Japan’s current regional security environment is indeed precarious. It could even further deteriorate if China becomes more assertive in its military posture or if North Korea continues testing its nuclear missiles. From the perspective of the United States, a stronger Japanese military presence in East Asia would help to maintain US influence and a balance of power in the region.

But those who argue for Japan’s greater military involvement in regional security through an amendment to Article 9 may want to consider the following.

From a geopolitical perspective, an increase in Japan’s security engagement in East Asia, and the intensified US–Japan military pressure on North Korea that this would enable, would be unlikely to force North Korea to succumb. It is not clear how an amendment to Article 9 would create a shift in the regional military balance that would be significant or threatening enough for North Korea to refrain from continued missile testing.

Constitutional amendment could also undermine Japan’s relations with China and South Korea. Japan’s closest neighbours have not forgotten the historical legacy of Japanese imperial aggression, nor are they willing to overlook the lack of serious remorse or criticism about Japan’s imperial past among Japanese nationalists. Not surprisingly, China and South Korea view Japan’s move to increase its military capability with a considerable degree of suspicion.
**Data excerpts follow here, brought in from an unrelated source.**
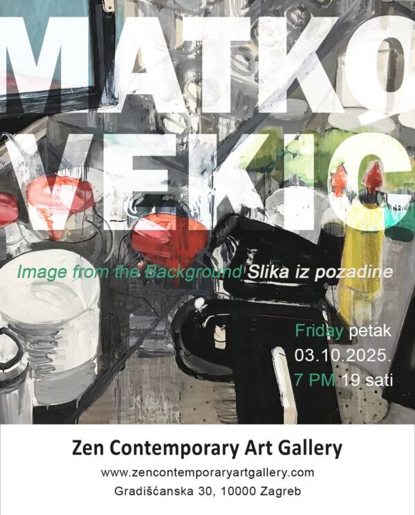 U zagrebačkoj galeriji Zen Contemporary Art, 10. listopada u 19 sati otvara se samostalna izložba Matko Vekić, jednog od najznačajnijih predstavnika hrvatskog suvremenog slikarstva. Na izložbi će biti predstavljen njegov novi slikarski ciklus pod nazivom “Slika iz pozadine”.
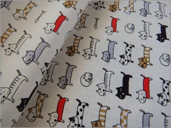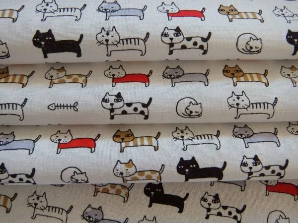 【綿麻キャンバス 生地】整列ネコ*コットンリネン*off white*6E
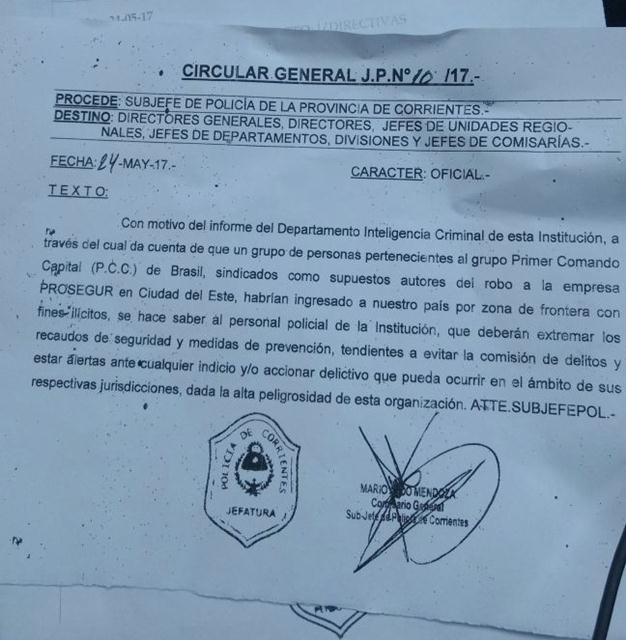 La circular oficial dice “con motivo del informe de inteligencia criminal de la Policía de Corrientes, a través del cual cuenta que un grupo de personas pertenecientes al grupo PCC de Brasil, sindicados como autores del robo a la empresa de transporte de caudales de Ciudad del Este, habrían ingresado a nuestro país por la zona de frontera, se hace saber al personal policial de la institución que deberán extremar los recaudos de seguridad y medidas de prevención tendientes a evitar la comisión de delitos”.

From a domestic perspective, the legality of the SDF will remain questionable even after an amendment to the constitution so long as Clause 2 of Article 9 (which prohibits Japan’s possession of a military) remains intact. Japanese legal scholars and a former director general of the Cabinet Legislative Bureau have pointed out that it remains uncertain whether the SDF is distinct from a military force (and therefore constitutional) because its military capacity is beyond the minimum force necessary for self-defence.

For this reason, some members of the governing Liberal Democratic Party (LDP) such as Shigeru Ishiba reject Abe’s third clause proposal and instead advocate for the replacement of Clause 2 with a new clause that permits Japan to possess a ‘national defence army’.
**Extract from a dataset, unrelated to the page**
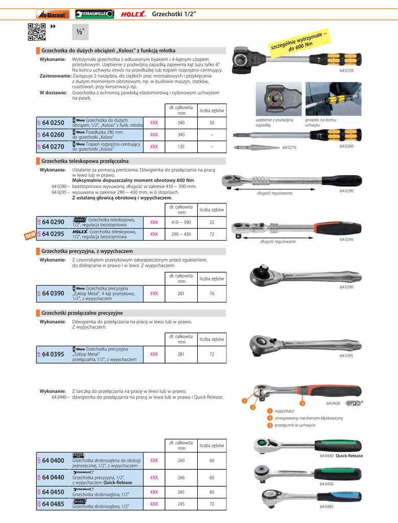 Grzechotki 1/2″ ▶▶ ▶▶ ymałe wytrz e i n l m gó szcze do 600 N Grzechotka do dużych obciążeń „Koloss“ z funkcją młotka − Wykonanie: 63F 64 0250 63F 64 0260 63F Wytrzymała grzechotka z odkuwanym bijakiem i 4-kątnym czopem przetykowym. Uzębienie z podwójną zapadką zapewnia kąt luzu tylko 6°. Na końcu uchwytu otwór na przedłużkę lub trzpień rozprężno-centrujący. Zastosowanie: Zastępuje 2 narzędzia, do ciężkich prac montażowych i przykręcania z dużym momentem obrotowym, np. w budowie maszyn, statków, rusztowań, przy konserwacji itp. W dostawie: Grzechotka z ochronną powłoką elastomerową i nylonowym uchwytem na pasek. 64 0270 Grzechotka do dużych obciążeń, 1/2″, „Koloss“ z funk. młotka Przedłużka 290 mm do grzechotki „Koloss“ Trzpień rozprężno-centrujący do grzechotki „Koloss“ dł. całkowita mm liczba zębów XXX 340 30 XXX 340 − XXX 135 − 64 0250 uzębienie z podwójną zapadką gniazdo na końcu uchwytu 64 0260 64 0270 Grzechotka teleskopowa przełączalna Wykonanie: 63O 64 0290 62A Ustalanie za pomocą pierścienia. Dźwigienka do przełączania na pracę w lewo lub w prawo. Maksymalnie dopuszczalny moment obrotowy 600 Nm. 64 0290 – bezstopniowo wysuwana, długość w zakresie 410 − 590 mm. 64 0295 – wysuwana w zakresie 290 − 430 mm, w 6 stopniach. Z ustalaną głowicą obrotową i wypychaczem. 64 0295 Grzechotka teleskopowa, 1/2″, regulacja bezstopniowa Grzechotka teleskopowa, 1/2", regulacja bezstopniowa dł. całkowita mm liczba zębów XXX 410 − 590 32 XXX 290 − 430 72 64 0290 długość regulowana 64 0295 długość regulowana Grzechotka precyzyjna, z wypychaczem 63F Wykonanie: 64 0390 Z czworokątem przetykowym zabezpieczonym przed zgubieniem, do dokręcania w prawo i w lewo. Z wypychaczem. Grzechotka precyzyjna „Zyklop Metal“, 4-kąt przetykowy, 1/2″, z wypychaczem dł. całkowita mm liczba zębów 281 76 64 0390 XXX Grzechotki przełączalne precyzyjne 63F Wykonanie: 64 0395 Dźwigienka do przełączania na pracę w lewo lub w prawo. Z wypychaczem. Grzechotka precyzyjna „Zyklop Metal“ przełączalna, 1/2″, z wypychaczem XXX dł. całkowita mm liczba zębów 281 72 Wykonanie: Z tarczką do przełączania na pracę w lewo lub w prawo. 64 0440 – dźwigienka do przełączania na pracę w lewo lub w prawo i Quick-Release. 64 0395 •• 1 2 •• • 1 wypychacz • 3 64 0400 2 zintegrowany mechanizm błyskawiczny 3 przełącznik w uchwycie dł. całkowita mm liczba zębów 64 0440 Quick-Release Grzechotka precyzyjna, 1/2″, z wypychaczem Quick-Release XXX 266 60 265 60 245 72 63U 60 63A 260 64 0440 63A XXX 64 0450 Grzechotka drobnozębna, 1/2″ XXX 63O Grzechotka drobnozębna do obsługi jednoręcznej, 1/2″, z wypychaczem 64 0400 64 0485 Grzechotka drobnozębna, 1/2″ XXX 64 0450 64 0485 Grzechotki / złączki 1/2″ ▶▶ Grzechotka przełączalna, precyzyjna, z obrotową głowicą 63F Wykonanie: 64 0490 Obrotowa głowica grzechotki z ustalonymi położeniami 0° (zastosowanie jak wkrętak) oraz 75° i 90° z obu stron. Kąt roboczy 5°, z wypychaczem i tarczką do przełączania na pracę w prawo lub w lewo. Grzechotka precyzyjna „Zyklop“, przełączalna, 1/2″, z głowicą obrotową i wypychaczem XXX dł. całkowita mm liczba zębów 277 72 64 0490 głowica obrot. Grzechotka przełączalna precyzyjna, z pokrętłem 63V Wykonanie: 64 0495 Przy stosowaniu tradycyjnym − kąt roboczy 6°, przy stosowaniu pokrętła − kąt roboczy 0°. Z wypychaczem i tarczką przełączającą tryb pracy w prawo lub w lewo. Grzechotka przełączalna, precyzyjna, 1/2″, z pokrętłem i wypychaczem dł. całkowita mm liczba zębów 300 60 uchwyt XXX Grzechotka przekładana 66A Wykonanie: 64 0520 64 0495 Z przetykanym czworokątem do zmiany kierunku pracy w prawo lub w lewo. dł. całkowita liczba mm zębów XXX Grzechotka przekładana, 1/2″ 270 30 64 0520 Grzechotka przekładana z krótką rączką, bez luzów 62A Zastosowanie: Szczególnie do pracy w trudno dostępnych miejscach, luz 0°. Z 4-kątem przetykowym zabezpieczonym przed zgubieniem, do dokręcania w prawo i w lewo. dł. całkowita mm Grzechotka przekładana XXX 115 64 0720 z krótkim chwytem, 1/2″ 64 0720 Przeguby obrotowe Wykonanie: Czop obracany o 180°. Uchwyt z 2 rodzajów materiału. 64 1200 63A dł. całkowita 64 1200 mm Przeguby obrotowe, 1/2″ 396 468 610 XXX XXX XXX Klucz do nakrętek do kół, rozsuwany 63O Wykonanie: 64 1220 64 1220 Bardzo stabilny model, kuty matrycowo. Wysuwany w zakresie 303 − 535 mm. Klucz do nakrętek do kół, rozsuwany, 1/2″ 303 − 535 mm XXX Korba 63A Norma: Wykonanie: 64 1800 DIN 3122-B 12,5. Promień roboczy 105 mm. dł. całkowita mm XXX Korba, 1/2″ 64 1800 456 Przetyczki Norma: DIN 3122-A 12,5. Wykonanie: Przetyczki z przesuwanym czopem. 64 1350 – dzięki blokadzie Quick-Release uzyskuje się zabezpieczenie przeciw niepożądanemu poluzowaniu i zagubieniu nasadki lub końcówki. 64 1330 64 1300 62A 63A 61A 64 1330 64 1300 64 1320 63A dł. całkowita mm 64 1350 Przetyczka, 1/2″ Przetyczka, 1/2″ Przetyczka, 1/2″ Przetyczka, 1/2″, Quick-Release XXX 300 XXX 300 XXX 300 XXX 300 64 1320 64 1350 Quick-Release Trzpienie i gniazda 1/2″ Norma: Pasuje do: Wykonanie: 4-kątne czopy wg DIN 3120-A 12,5 z zatrzaskiem kulkowym. Nasadek ręcznych. Odpowiedni dobór materiałów i specjalny proces kucia gwarantują optymalne funkcjonowanie i trwałość. GARANT: Stopowa stal chromowa, powierzchnia chromowana (niełuszcząco). STAHLWILLE: Stopowa stal chromowa, powierzchnia chromowana niełuszcząco na podłożu niklowym. WERA: Stal chromowo-molibdenowa, powierzchnia chromowana na matowo. KOKEN / HOLEX: Stal chromowo-wanadowa, powierzchnia chromowana. 64 0030 Grzechotki 2-kierunkowe D10 DIN 3122-D 12,5. Z dźwigienką do przełączania na działanie lewo- i prawoskrętne. 64 0025 XXX 263 40 XXX 266 36 380 36 61A 36 61A 265 Grzechotka przełączalna, 1/2″ 64 0025 Grzechotk

But even if Clause 1 on the renunciation of war is maintained, that does not guarantee sufficient constraints on the SDF’s activities. Clarifying and changing the constitutions’ interpretation means that the SDF’s engagement in international conflicts may become almost unlimited, as the expanded scope of its activities are confirmed and legitimised. On the flipside, if Abe’s proposal for constitutional amendment is rejected in the national referendum, this could further undermine public confidence in the legality of the SDF — which would also have implications for support of the US–Japan security treaty.

But the biggest cause for concern in the push for constitutional amendment is Abe’s political ideology. It cannot be assumed that post-war Japan is an entirely different country with a new generation of leaders when the Prime Minister is a right-wing revisionist. Other LDP politicians and many of Abe’s supporters share his revisionism. The ultra-nationalist group Nippon Kaigi — which has a parliamentary league for which Abe serves as a special advisor — even dreams of restoring the fundamentals of imperial Japan.
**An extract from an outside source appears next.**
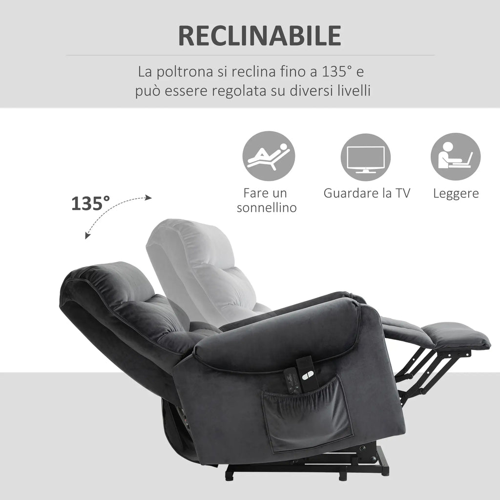 Fauteuil Élévateur Électrique 1 Moteur 79x97x103 cm en Polyester Effet Velours Gris Foncé
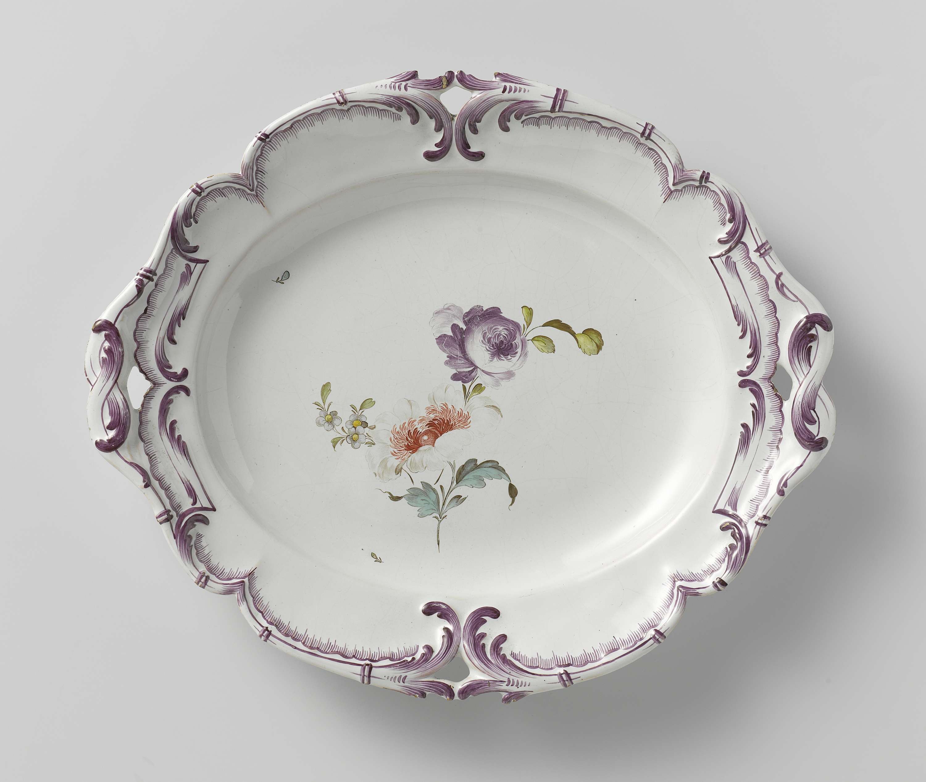 Schaal met een veelkleurig beschilderde bloemtak op het plat. Langs de rand rocaille ornament in relief. Gemerkt met een haan in paars. (Nederlands)

Abe uses the deteriorating security environment in East Asia as an excuse to accomplish his long-term goal of constitutional revision. Abe is determined to release Japan from the shackles of the 1951 San Francisco Peace Treaty, in which — for him and for other nationalists like him — Japan is not recognised as a ‘normal’ country that has a right to possess a military. Constitutional amendment is a step in that direction.

But an amendment to Article 9 as proposed by Abe would not meaningfully enhance Japan’s contribution to regional security, and it would risk undermining Japan’s already fragile relations with its closest neighbours. Abe’s intention to amend the constitution is a serious cause for concern, not only for Japanese citizens but also for the region, and it is not something that should be in the least bit embraced.